THE PROBLEM: Here the job is to transcribe the data verbatim while leaving each picture out.

[Records excerpted from a collection]
--- START ---

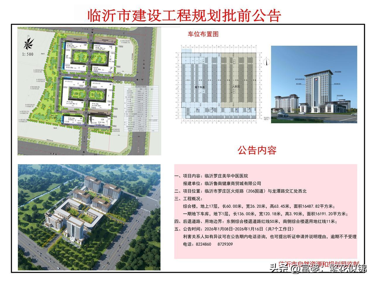 来了,临沂罗庄区又要建设一家医院 昨天,临沂自然资源和规划局发布建设工程规划批前公告,这个工程位于罗庄区西部,龙潭路和火炬路的交汇处,主要建设美华中医医院,包括17层的综合楼和地下车库,总共三万多平米。 报建公司是临沂鲁南健康商贸城有限公司,查了一下好像和鲁南制药没有啥关系。 罗庄医院还挺不少的,火炬路和湖北路交汇处还有家临沂高新区医院,西边有正在建设的高新区人民医院,东边有正在建设的罗庄区人民医院,还有正在营业的沂州医院和东山医院。 罗庄医疗条件真的很不错呢。
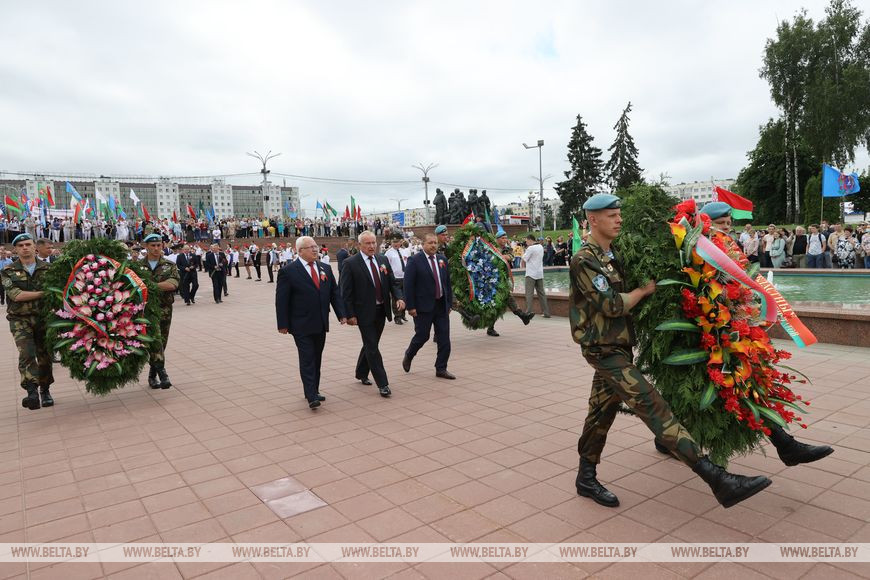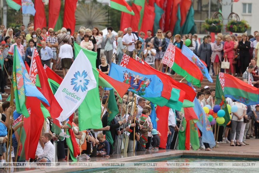 В Витебске празднование Дня Независимости началось с возложения венков и цветов к главному воинскому символу области - мемориальному комплексу в честь советских воинов, партизан и подпольщиков Витебщины. В приветственном слове Николай Шерстнев отметил, что регион значительно пострадал в годы Великой Отечественной войны, потеряв каждого третьего жителя, а в Витебске так и не восстановилась довоенная численность населения. "Наша дорога к самоопределению была долгой и трудной. В прошлом немало было желающих поставить народ на колени, навязать свою волю, лишить нас земли и права на жизнь. Но всегда на их пути вставала сила, имя которой - белорусский характер, отлитый из драгоценного сплава мужества, любви к Отечеству и твердой готовности жертвовать всем во имя свободы. В истории каждой страны есть судьбоносные дни и события, которые вызывают особый патриотический подъем и единение граждан, День Независимости является как раз таким событием", - подчеркнул глава области.
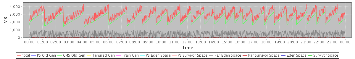 avg(total) = 2995.21 avg(PS Old Gen) = 0.00 avg(CMS Old Gen) = 2444.98 avg(Tenured Gen) = 0.00 avg(Train Gen) = 0.00 avg(PS Eden Space) = 0.00 avg(PS Survivor Space) = 0.00 avg(Par Eden Space) = 481.70 avg(Par Survivor Space) = 68.54 avg(Eden Space) = 0.00 avg(Survivor Space) = 0.00
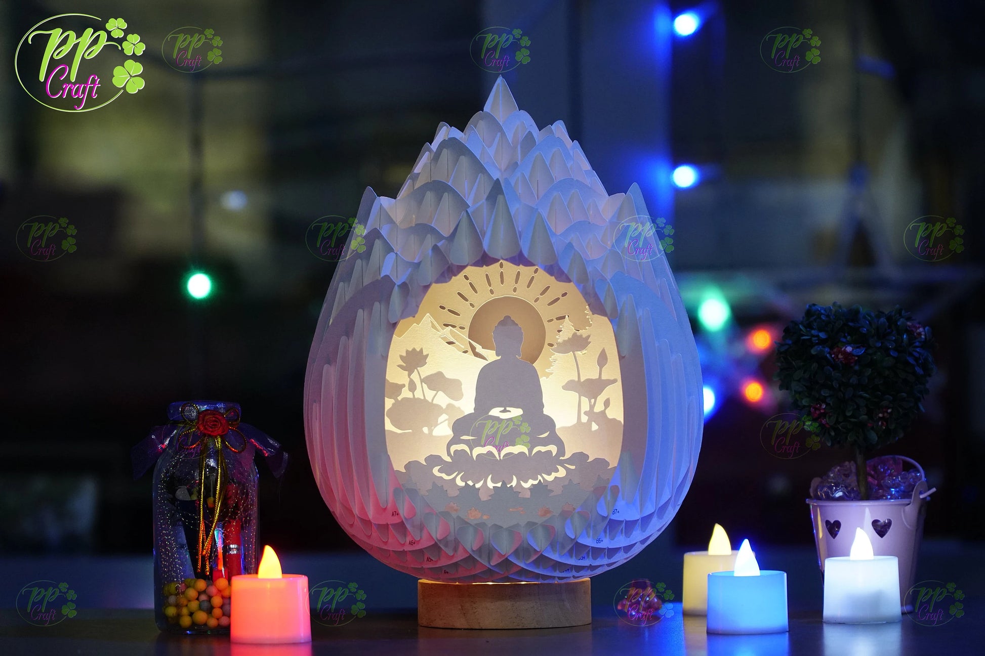 The Buddha meditating in Lotus Pop Up Light Box SVG Template, Egg SVG for Cricut Machine, arts gift Template - Egg Lightbox, DIY Paper
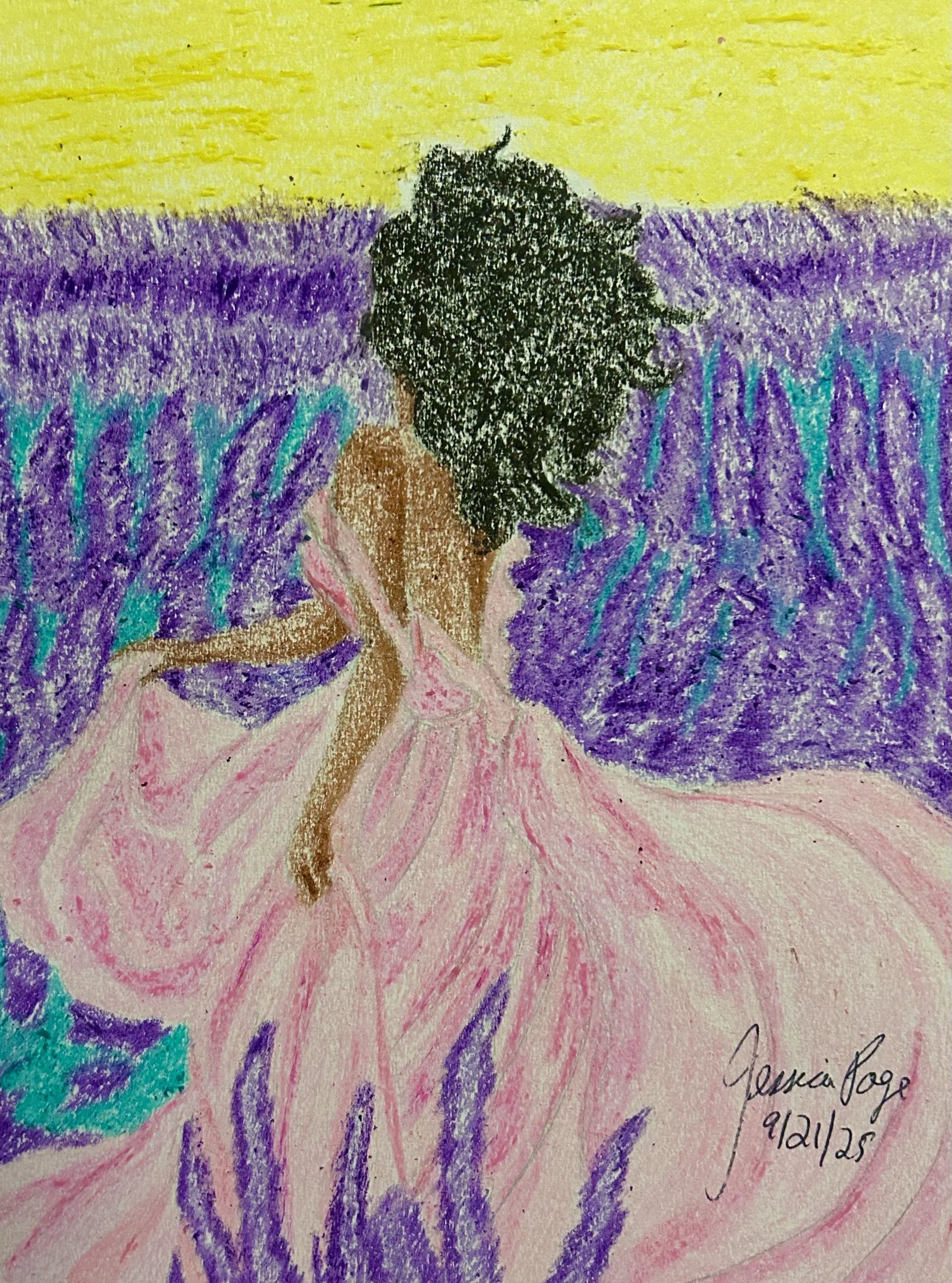 For my next project, I decided to do something less heavily focused on facial features. This was more about the lavender field landscape and the flowing pink dress. I didn’t bother to do much blending in this one. While I did like the colors and the overall atmosphere of the picture, I liked this one less than the first one.
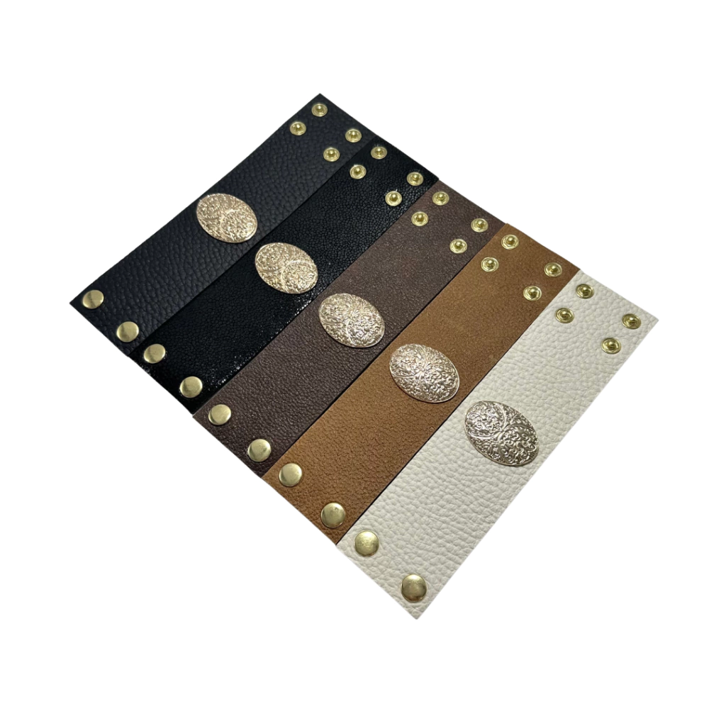 Brazalete de cuero 100% con aplique central ovalado labrado color dorado, con broches regulables en dos posiciones. 5 cms de ancho
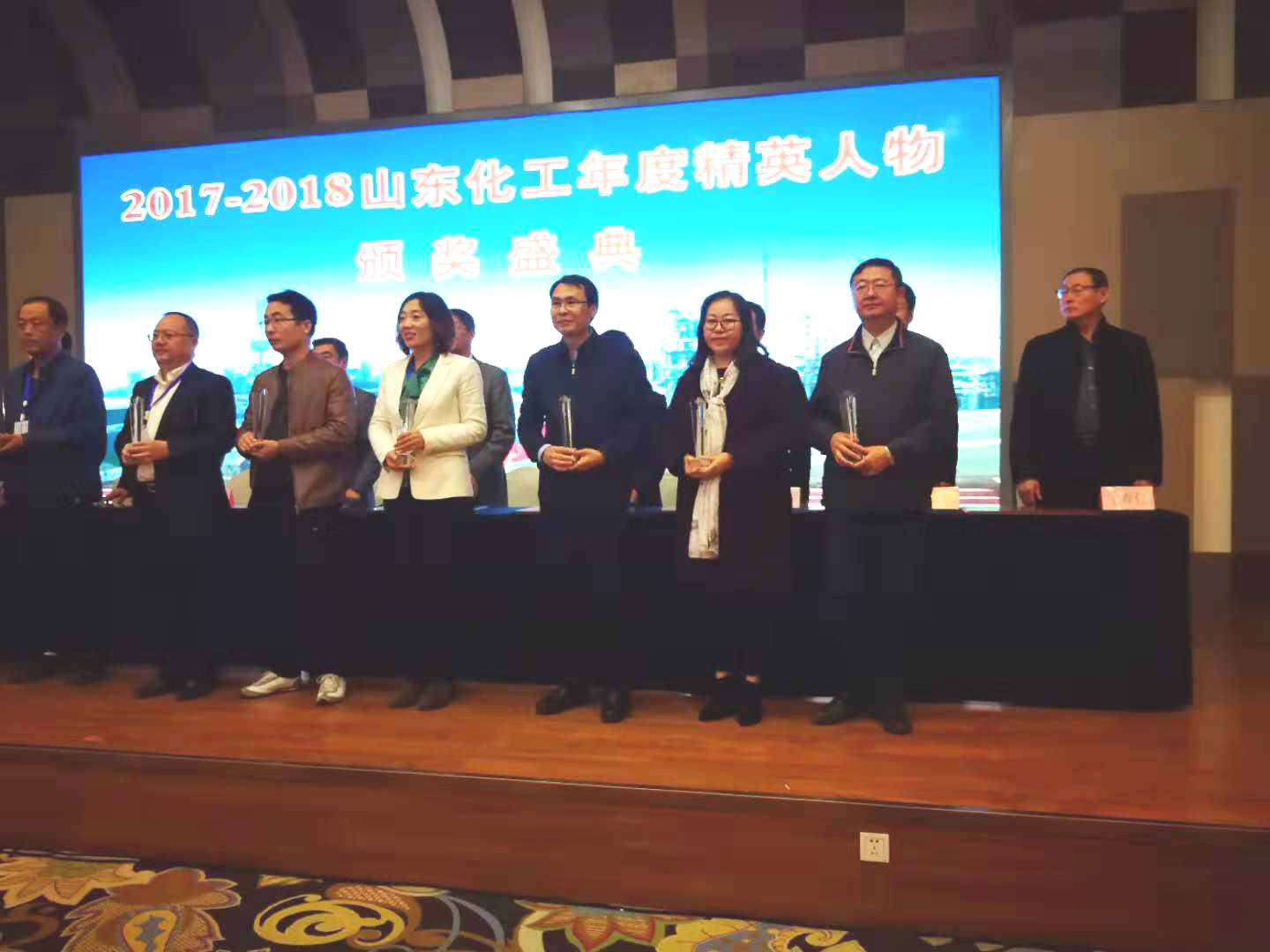 10月31日,由山東省化工信息中心、大眾日報社大眾網(wǎng)主辦的2018(第六屆)中國化工產(chǎn)學研高峰論壇在濟南召開。論壇揭曉了“2017-2018山東化工年度精英人物和山東化工行業(yè)明星單位”名單,舉辦了隆重的頒獎儀式,公司總經(jīng)理被授予“2017---2018山東化工精英人物”榮譽稱號,并參加頒獎大會。

--- END ---

ANSWER SECTION:
 来了,临沂罗庄区又要建设一家医院 昨天,临沂自然资源和规划局发布建设工程规划批前公告,这个工程位于罗庄区西部,龙潭路和火炬路的交汇处,主要建设美华中医医院,包括17层的综合楼和地下车库,总共三万多平米。 报建公司是临沂鲁南健康商贸城有限公司,查了一下好像和鲁南制药没有啥关系。 罗庄医院还挺不少的,火炬路和湖北路交汇处还有家临沂高新区医院,西边有正在建设的高新区人民医院,东边有正在建设的罗庄区人民医院,还有正在营业的沂州医院和东山医院。 罗庄医疗条件真的很不错呢。
 В Витебске празднование Дня Независимости началось с возложения венков и цветов к главному воинскому символу области - мемориальному комплексу в честь советских воинов, партизан и подпольщиков Витебщины. В приветственном слове Николай Шерстнев отметил, что регион значительно пострадал в годы Великой Отечественной войны, потеряв каждого третьего жителя, а в Витебске так и не восстановилась довоенная численность населения. "Наша дорога к самоопределению была долгой и трудной. В прошлом немало было желающих поставить народ на колени, навязать свою волю, лишить нас земли и права на жизнь. Но всегда на их пути вставала сила, имя которой - белорусский характер, отлитый из драгоценного сплава мужества, любви к Отечеству и твердой готовности жертвовать всем во имя свободы. В истории каждой страны есть судьбоносные дни и события, которые вызывают особый патриотический подъем и единение граждан, День Независимости является как раз таким событием", - подчеркнул глава области.
 avg(total) = 2995.21 avg(PS Old Gen) = 0.00 avg(CMS Old Gen) = 2444.98 avg(Tenured Gen) = 0.00 avg(Train Gen) = 0.00 avg(PS Eden Space) = 0.00 avg(PS Survivor Space) = 0.00 avg(Par Eden Space) = 481.70 avg(Par Survivor Space) = 68.54 avg(Eden Space) = 0.00 avg(Survivor Space) = 0.00
 The Buddha meditating in Lotus Pop Up Light Box SVG Template, Egg SVG for Cricut Machine, arts gift Template - Egg Lightbox, DIY Paper
 For my next project, I decided to do something less heavily focused on facial features. This was more about the lavender field landscape and the flowing pink dress. I didn’t bother to do much blending in this one. While I did like the colors and the overall atmosphere of the picture, I liked this one less than the first one.
 Brazalete de cuero 100% con aplique central ovalado labrado color dorado, con broches regulables en dos posiciones. 5 cms de ancho
 10月31日,由山東省化工信息中心、大眾日報社大眾網(wǎng)主辦的2018(第六屆)中國化工產(chǎn)學研高峰論壇在濟南召開。論壇揭曉了“2017-2018山東化工年度精英人物和山東化工行業(yè)明星單位”名單,舉辦了隆重的頒獎儀式,公司總經(jīng)理被授予“2017---2018山東化工精英人物”榮譽稱號,并參加頒獎大會。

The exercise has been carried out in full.